§ **Input material**:
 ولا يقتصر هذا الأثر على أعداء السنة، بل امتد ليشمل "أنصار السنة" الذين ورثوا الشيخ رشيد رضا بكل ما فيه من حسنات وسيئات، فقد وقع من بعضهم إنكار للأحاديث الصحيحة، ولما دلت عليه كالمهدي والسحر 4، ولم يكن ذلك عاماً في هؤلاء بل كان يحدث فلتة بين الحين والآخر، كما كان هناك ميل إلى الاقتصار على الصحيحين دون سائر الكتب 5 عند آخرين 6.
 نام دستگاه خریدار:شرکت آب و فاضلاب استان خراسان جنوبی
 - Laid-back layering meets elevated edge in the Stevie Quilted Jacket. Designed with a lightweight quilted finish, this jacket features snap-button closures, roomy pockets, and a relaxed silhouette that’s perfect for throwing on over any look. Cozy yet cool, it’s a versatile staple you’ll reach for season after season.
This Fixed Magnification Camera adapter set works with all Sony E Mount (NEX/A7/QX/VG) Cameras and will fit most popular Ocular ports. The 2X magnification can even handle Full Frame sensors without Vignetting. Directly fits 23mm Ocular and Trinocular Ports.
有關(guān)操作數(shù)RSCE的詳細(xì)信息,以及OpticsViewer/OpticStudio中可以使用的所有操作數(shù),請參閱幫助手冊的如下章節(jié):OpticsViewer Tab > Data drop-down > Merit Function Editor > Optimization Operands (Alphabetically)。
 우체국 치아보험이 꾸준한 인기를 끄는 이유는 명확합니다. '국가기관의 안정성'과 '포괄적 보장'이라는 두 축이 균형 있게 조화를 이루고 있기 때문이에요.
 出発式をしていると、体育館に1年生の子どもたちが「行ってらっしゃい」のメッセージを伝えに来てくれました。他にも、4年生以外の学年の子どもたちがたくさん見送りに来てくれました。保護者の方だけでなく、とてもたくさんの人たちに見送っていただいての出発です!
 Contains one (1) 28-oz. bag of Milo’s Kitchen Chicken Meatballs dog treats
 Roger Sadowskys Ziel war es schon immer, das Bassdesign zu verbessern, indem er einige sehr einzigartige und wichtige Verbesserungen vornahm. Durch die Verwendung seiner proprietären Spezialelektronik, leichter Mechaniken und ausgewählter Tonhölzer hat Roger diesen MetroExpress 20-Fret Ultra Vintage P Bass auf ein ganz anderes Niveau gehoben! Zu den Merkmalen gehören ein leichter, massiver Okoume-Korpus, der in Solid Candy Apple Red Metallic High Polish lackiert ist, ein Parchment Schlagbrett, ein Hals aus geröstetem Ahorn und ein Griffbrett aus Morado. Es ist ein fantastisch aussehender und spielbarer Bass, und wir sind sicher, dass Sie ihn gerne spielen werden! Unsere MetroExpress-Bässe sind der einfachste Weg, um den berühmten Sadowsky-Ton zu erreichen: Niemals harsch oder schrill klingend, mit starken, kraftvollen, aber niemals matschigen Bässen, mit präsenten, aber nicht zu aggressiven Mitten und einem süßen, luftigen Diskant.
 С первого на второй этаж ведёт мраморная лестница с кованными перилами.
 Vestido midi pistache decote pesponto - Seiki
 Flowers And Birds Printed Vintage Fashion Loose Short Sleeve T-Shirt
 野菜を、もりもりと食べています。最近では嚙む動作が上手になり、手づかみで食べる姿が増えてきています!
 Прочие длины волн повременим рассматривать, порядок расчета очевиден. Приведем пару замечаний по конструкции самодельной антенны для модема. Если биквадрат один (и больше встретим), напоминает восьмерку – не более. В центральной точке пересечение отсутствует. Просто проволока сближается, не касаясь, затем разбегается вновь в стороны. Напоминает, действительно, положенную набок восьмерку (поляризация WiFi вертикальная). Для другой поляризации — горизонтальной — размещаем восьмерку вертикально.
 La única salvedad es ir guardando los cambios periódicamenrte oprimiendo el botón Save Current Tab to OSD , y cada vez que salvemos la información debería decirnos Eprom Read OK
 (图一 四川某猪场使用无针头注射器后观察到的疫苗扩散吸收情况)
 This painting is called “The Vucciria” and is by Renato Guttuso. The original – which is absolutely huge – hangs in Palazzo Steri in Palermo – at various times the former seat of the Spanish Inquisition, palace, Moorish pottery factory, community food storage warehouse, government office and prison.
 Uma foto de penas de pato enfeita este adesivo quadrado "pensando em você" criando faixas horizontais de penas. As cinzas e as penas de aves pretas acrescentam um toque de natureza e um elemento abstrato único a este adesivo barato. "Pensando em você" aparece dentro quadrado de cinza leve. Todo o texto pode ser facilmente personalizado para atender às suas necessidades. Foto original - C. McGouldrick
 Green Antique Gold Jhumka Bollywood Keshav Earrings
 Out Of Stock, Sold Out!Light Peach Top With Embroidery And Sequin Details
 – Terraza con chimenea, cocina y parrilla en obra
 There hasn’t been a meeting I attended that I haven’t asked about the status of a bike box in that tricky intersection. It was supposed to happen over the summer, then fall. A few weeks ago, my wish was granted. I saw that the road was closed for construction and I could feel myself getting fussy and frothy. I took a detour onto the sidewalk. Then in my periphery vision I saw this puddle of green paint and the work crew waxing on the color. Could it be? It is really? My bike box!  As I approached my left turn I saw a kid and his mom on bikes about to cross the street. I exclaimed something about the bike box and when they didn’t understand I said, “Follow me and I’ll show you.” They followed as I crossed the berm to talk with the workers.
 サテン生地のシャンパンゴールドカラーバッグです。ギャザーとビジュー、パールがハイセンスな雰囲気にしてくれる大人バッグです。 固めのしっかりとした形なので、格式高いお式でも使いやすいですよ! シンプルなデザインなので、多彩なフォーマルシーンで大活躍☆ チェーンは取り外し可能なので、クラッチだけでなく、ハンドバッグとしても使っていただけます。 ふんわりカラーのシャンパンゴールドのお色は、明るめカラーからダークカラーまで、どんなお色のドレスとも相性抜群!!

§ **Try it**: The records above need to be transcribed in full. Keep every character unchanged.

§ **Expected answer**:
 ولا يقتصر هذا الأثر على أعداء السنة، بل امتد ليشمل "أنصار السنة" الذين ورثوا الشيخ رشيد رضا بكل ما فيه من حسنات وسيئات، فقد وقع من بعضهم إنكار للأحاديث الصحيحة، ولما دلت عليه كالمهدي والسحر 4، ولم يكن ذلك عاماً في هؤلاء بل كان يحدث فلتة بين الحين والآخر، كما كان هناك ميل إلى الاقتصار على الصحيحين دون سائر الكتب 5 عند آخرين 6.
 نام دستگاه خریدار:شرکت آب و فاضلاب استان خراسان جنوبی
 - Laid-back layering meets elevated edge in the Stevie Quilted Jacket. Designed with a lightweight quilted finish, this jacket features snap-button closures, roomy pockets, and a relaxed silhouette that’s perfect for throwing on over any look. Cozy yet cool, it’s a versatile staple you’ll reach for season after season.
This Fixed Magnification Camera adapter set works with all Sony E Mount (NEX/A7/QX/VG) Cameras and will fit most popular Ocular ports. The 2X magnification can even handle Full Frame sensors without Vignetting. Directly fits 23mm Ocular and Trinocular Ports.
有關(guān)操作數(shù)RSCE的詳細(xì)信息,以及OpticsViewer/OpticStudio中可以使用的所有操作數(shù),請參閱幫助手冊的如下章節(jié):OpticsViewer Tab > Data drop-down > Merit Function Editor > Optimization Operands (Alphabetically)。
 우체국 치아보험이 꾸준한 인기를 끄는 이유는 명확합니다. '국가기관의 안정성'과 '포괄적 보장'이라는 두 축이 균형 있게 조화를 이루고 있기 때문이에요.
 出発式をしていると、体育館に1年生の子どもたちが「行ってらっしゃい」のメッセージを伝えに来てくれました。他にも、4年生以外の学年の子どもたちがたくさん見送りに来てくれました。保護者の方だけでなく、とてもたくさんの人たちに見送っていただいての出発です!
 Contains one (1) 28-oz. bag of Milo’s Kitchen Chicken Meatballs dog treats
 Roger Sadowskys Ziel war es schon immer, das Bassdesign zu verbessern, indem er einige sehr einzigartige und wichtige Verbesserungen vornahm. Durch die Verwendung seiner proprietären Spezialelektronik, leichter Mechaniken und ausgewählter Tonhölzer hat Roger diesen MetroExpress 20-Fret Ultra Vintage P Bass auf ein ganz anderes Niveau gehoben! Zu den Merkmalen gehören ein leichter, massiver Okoume-Korpus, der in Solid Candy Apple Red Metallic High Polish lackiert ist, ein Parchment Schlagbrett, ein Hals aus geröstetem Ahorn und ein Griffbrett aus Morado. Es ist ein fantastisch aussehender und spielbarer Bass, und wir sind sicher, dass Sie ihn gerne spielen werden! Unsere MetroExpress-Bässe sind der einfachste Weg, um den berühmten Sadowsky-Ton zu erreichen: Niemals harsch oder schrill klingend, mit starken, kraftvollen, aber niemals matschigen Bässen, mit präsenten, aber nicht zu aggressiven Mitten und einem süßen, luftigen Diskant.
 С первого на второй этаж ведёт мраморная лестница с кованными перилами.
 Vestido midi pistache decote pesponto - Seiki
 Flowers And Birds Printed Vintage Fashion Loose Short Sleeve T-Shirt
 野菜を、もりもりと食べています。最近では嚙む動作が上手になり、手づかみで食べる姿が増えてきています!
 Прочие длины волн повременим рассматривать, порядок расчета очевиден. Приведем пару замечаний по конструкции самодельной антенны для модема. Если биквадрат один (и больше встретим), напоминает восьмерку – не более. В центральной точке пересечение отсутствует. Просто проволока сближается, не касаясь, затем разбегается вновь в стороны. Напоминает, действительно, положенную набок восьмерку (поляризация WiFi вертикальная). Для другой поляризации — горизонтальной — размещаем восьмерку вертикально.
 La única salvedad es ir guardando los cambios periódicamenrte oprimiendo el botón Save Current Tab to OSD , y cada vez que salvemos la información debería decirnos Eprom Read OK
 (图一 四川某猪场使用无针头注射器后观察到的疫苗扩散吸收情况)
 This painting is called “The Vucciria” and is by Renato Guttuso. The original – which is absolutely huge – hangs in Palazzo Steri in Palermo – at various times the former seat of the Spanish Inquisition, palace, Moorish pottery factory, community food storage warehouse, government office and prison.
 Uma foto de penas de pato enfeita este adesivo quadrado "pensando em você" criando faixas horizontais de penas. As cinzas e as penas de aves pretas acrescentam um toque de natureza e um elemento abstrato único a este adesivo barato. "Pensando em você" aparece dentro quadrado de cinza leve. Todo o texto pode ser facilmente personalizado para atender às suas necessidades. Foto original - C. McGouldrick
 Green Antique Gold Jhumka Bollywood Keshav Earrings
 Out Of Stock, Sold Out!Light Peach Top With Embroidery And Sequin Details
 – Terraza con chimenea, cocina y parrilla en obra
 There hasn’t been a meeting I attended that I haven’t asked about the status of a bike box in that tricky intersection. It was supposed to happen over the summer, then fall. A few weeks ago, my wish was granted. I saw that the road was closed for construction and I could feel myself getting fussy and frothy. I took a detour onto the sidewalk. Then in my periphery vision I saw this puddle of green paint and the work crew waxing on the color. Could it be? It is really? My bike box!  As I approached my left turn I saw a kid and his mom on bikes about to cross the street. I exclaimed something about the bike box and when they didn’t understand I said, “Follow me and I’ll show you.” They followed as I crossed the berm to talk with the workers.
 サテン生地のシャンパンゴールドカラーバッグです。ギャザーとビジュー、パールがハイセンスな雰囲気にしてくれる大人バッグです。 固めのしっかりとした形なので、格式高いお式でも使いやすいですよ! シンプルなデザインなので、多彩なフォーマルシーンで大活躍☆ チェーンは取り外し可能なので、クラッチだけでなく、ハンドバッグとしても使っていただけます。 ふんわりカラーのシャンパンゴールドのお色は、明るめカラーからダークカラーまで、どんなお色のドレスとも相性抜群!!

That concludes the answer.